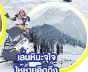
เล่นหิมะ-จ๊ว ให้หายคิดถึง
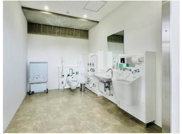
③バリアフリースイートイレ
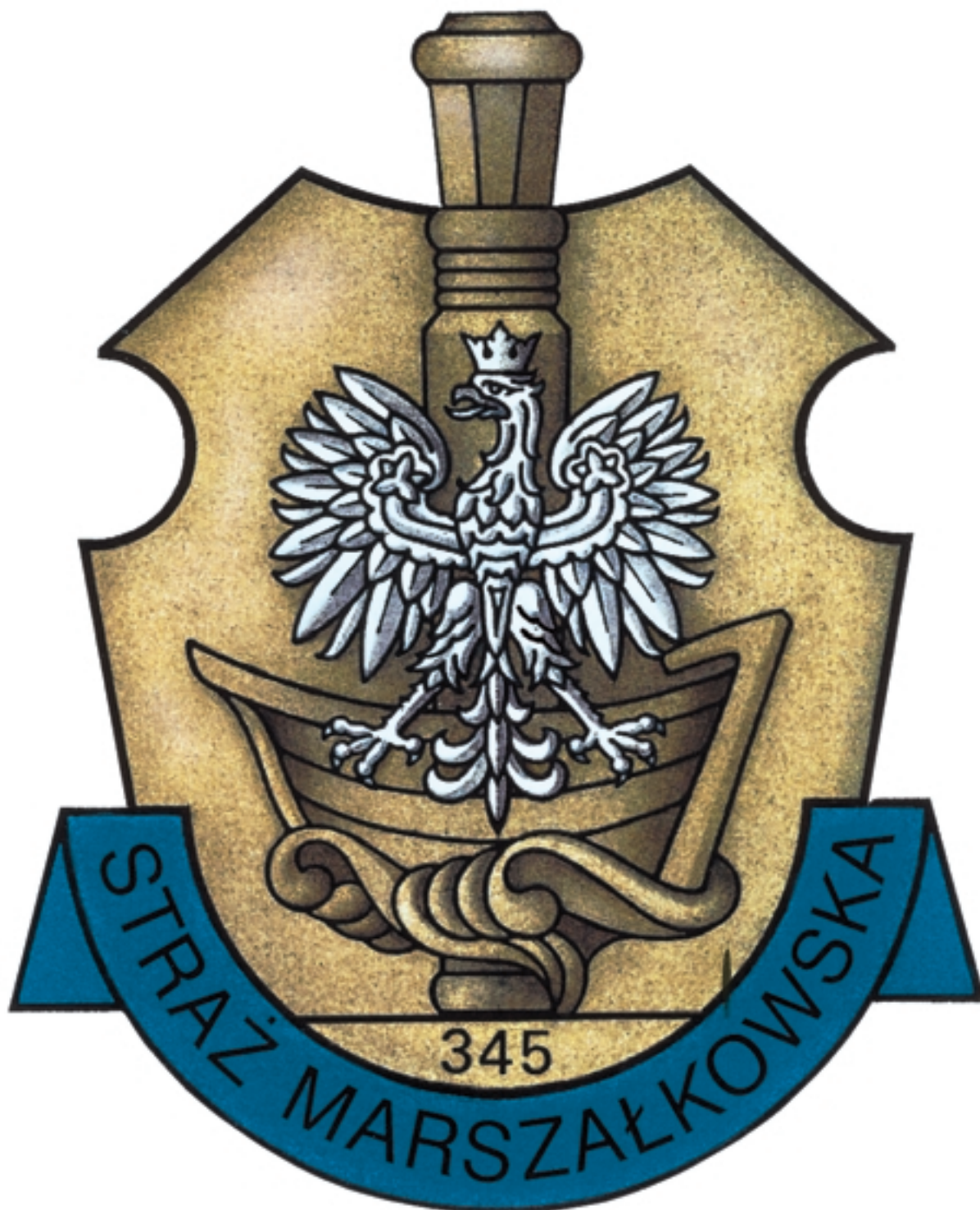
Odznaka identyfikacji indywidualnej
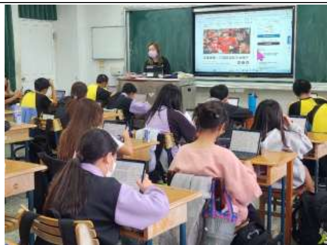
說明：品學堂團隊入校觀課

• • •

WHAT YOU NEED TO DO
Word for word, restate the whole listing and drop the images.

OUTPUT OF THE TASK
เล่นหิมะ-จ๊ว ให้หายคิดถึง
③バリアフリースイートイレ
Odznaka identyfikacji indywidualnej
說明：品學堂團隊入校觀課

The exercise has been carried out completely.